Yes. Thanks for the question. So essentially, I think as to active buyers, what we're seeing is what we've seen so far, meaning because of macro, there isn't any noticeable improvements in terms of our ability to increase those numbers in terms of quantity. And therefore, we are focused on the quality of those active buyers, which is everything we said about the high-value buyers. And obviously, if you continue to track those numbers, you see that the percentage that they contribute continues to increase steadily. So active buyer is going to be a similar trend as in 2023 and spend per buyer will accelerate in your year-over-year growth in comparison to 2023. So really, our focus on it is going to continue. If you're just calling out the contribution of higher value buyers, those who spend more than $500 with us, that cohort grew 4% year-over-year in 2023, which is -- which is significantly higher than the overall active buyer growth Yes. So that's how we view about 2024.

R
Rohit Kulkarni
analyst

Okay.

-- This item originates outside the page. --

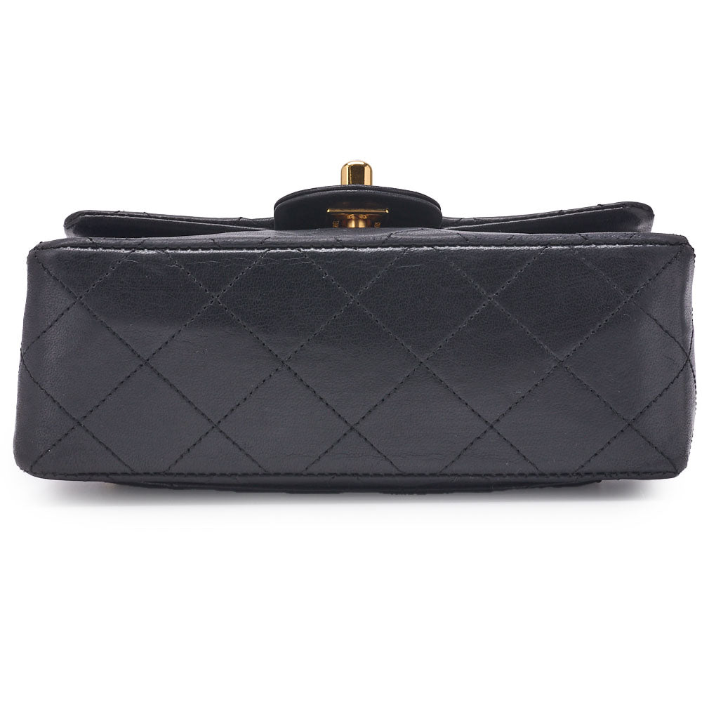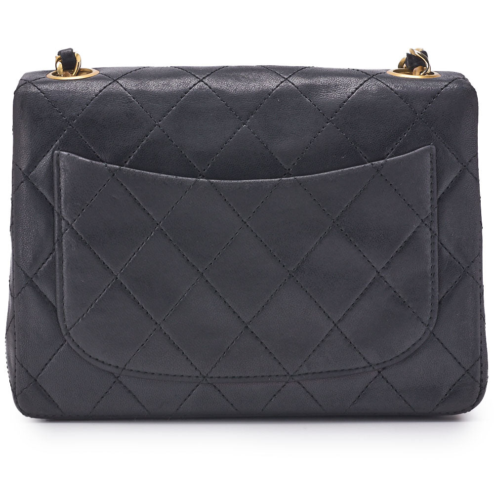 Pre-Owned Chain Shoulder Bag Mini Matelassé Lammleder Schwarz Goldfarbene Hardware Pre-Owned

Okay. That's very helpful color -- and then I guess I know there were a bunch of questions on this new disclosure around simple versus complex versus marketplace mix that you have. I think just on that, probably like as far as the mix going forward, anything noteworthy that you're assuming, assuming with regards to complex services that probably could be a bigger proportion of GMV going forward. And as a subquestion to that would be, are there any pricing or take rate differences as material differences across those 3 categories of GMV?

J
Jinjin Qian
executive

Rohit, this is Jinjin. Yes. So I think definitely, I think we mentioned in the shareholder letter as well. Complex services in '23 is already almost 1/3 of our marketplace in terms of GMV contribution and much higher than the simple services, which is around 23%. And yes, given the growth rate, right, 29% year-over-year growth, it is a big step up in terms of the overall percentage of GMV coming from those contract services. And we do expect that contribution continue to grow in the coming years.

R
Rohit Kulkarni
analyst

And any noticeable differences in take rate, Jinjin or anything...

J
Jinjin Qian
executive

Yes. So take rate, nothing really are different. We -- our entire marketplace takes very consistent, like just uniform take rates across the board. Yes, so 20% from the center side and then 5.5% from the buyer side, there's no difference in terms of the transactions.

Operator

Thank you. And I am shown no further questions from our phone lines. I'd now like to turn the conference back over to Mecha Kaufman for any closing remarks.

M
Micha Kaufman
executive

Thank you, Crystal, and thank you, everyone, for joining us today. We look forward to an exciting and successful year and hope to see you in person soon. Thank you. Have a great day.

Operator

Thank you. This concludes today's conference call. Thank you for your participation. You may now disconnect. Everyone, have a wonderful day.